[Stored records]
+---+

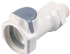
Tapered pipe male thread

HFC35 series nominal diameter 9.6 mm, polysulfone
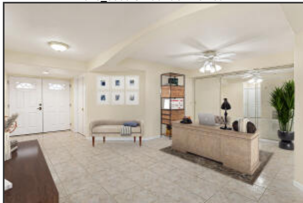
Office suggestion - Staged
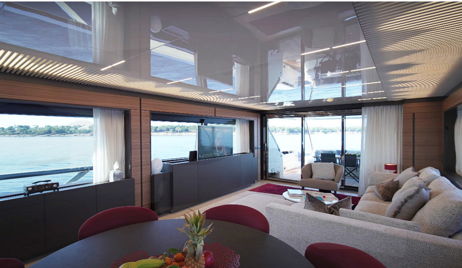
Brochure provided for information only but not for contractual purposes

NOTE: Color of seats are now beige, same model.
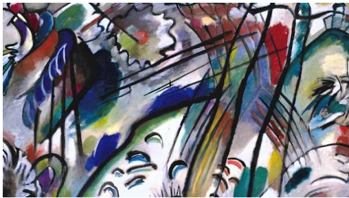
Wassily Kandinsky. Improvisation 28 .

Please turn in on Google Classroom in the designated place for this assignment please do so as a Google Doc - this allows me to make comments and grade on your document, trust me I will be teaching you how to write proper essays during this course. The paper should be 1-2 pages, double spaced in Times New Roman 12 pt. font
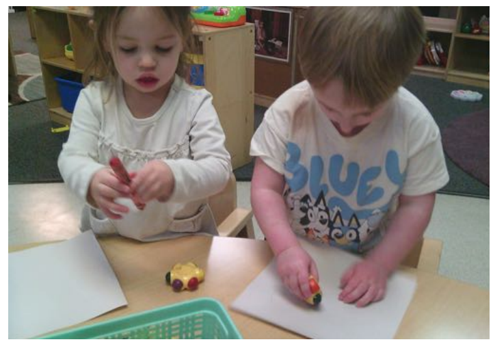
Creating Pictures with our Crayons
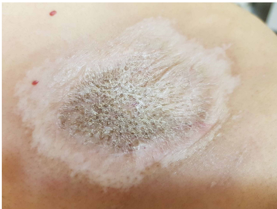
FIGURE 1: Hypopigmented atrophic plaque with wrinkled texture and follicular plugging.

On clinical examination, a hypopigmented atrophic plaque with wrinkled texture and follicular plugging involving the upper back was observed, measuring 7 cm by 10 cm (Figure 1).
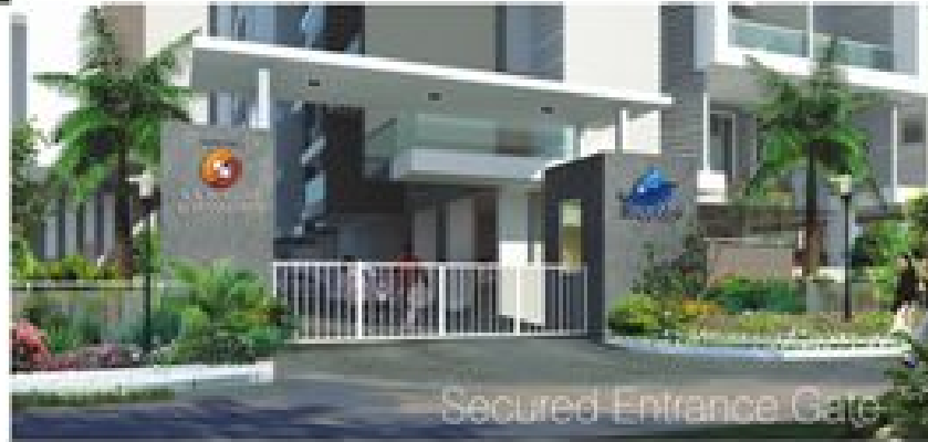
Secured Entrance Gate

Dr. D Y Patil Hospital, 100 bedded multi-specialty Apple Hospital, is within 1 km from this Location.
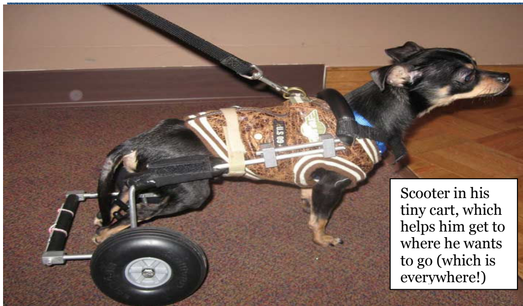
Scooter in his tiny cart, which helps him get to where he wants to go (which is everywhere!)
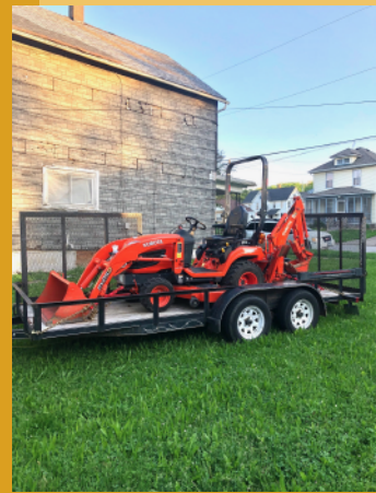
One Eighty's grounds equipment, tractor and trailer.

+---+

* _EXERCISE BRIEF_
An exact restatement of the entries above is needed; no picture may appear in it.

* _SOLVED PROBLEM_
Tapered pipe male thread

HFC35 series nominal diameter 9.6 mm, polysulfone
Office suggestion - Staged
Brochure provided for information only but not for contractual purposes

NOTE: Color of seats are now beige, same model.
Wassily Kandinsky. Improvisation 28 .

Please turn in on Google Classroom in the designated place for this assignment please do so as a Google Doc - this allows me to make comments and grade on your document, trust me I will be teaching you how to write proper essays during this course. The paper should be 1-2 pages, double spaced in Times New Roman 12 pt. font
Creating Pictures with our Crayons
FIGURE 1: Hypopigmented atrophic plaque with wrinkled texture and follicular plugging.

On clinical examination, a hypopigmented atrophic plaque with wrinkled texture and follicular plugging involving the upper back was observed, measuring 7 cm by 10 cm (Figure 1).
Secured Entrance Gate

Dr. D Y Patil Hospital, 100 bedded multi-specialty Apple Hospital, is within 1 km from this Location.
Scooter in his tiny cart, which helps him get to where he wants to go (which is everywhere!)
One Eighty's grounds equipment, tractor and trailer.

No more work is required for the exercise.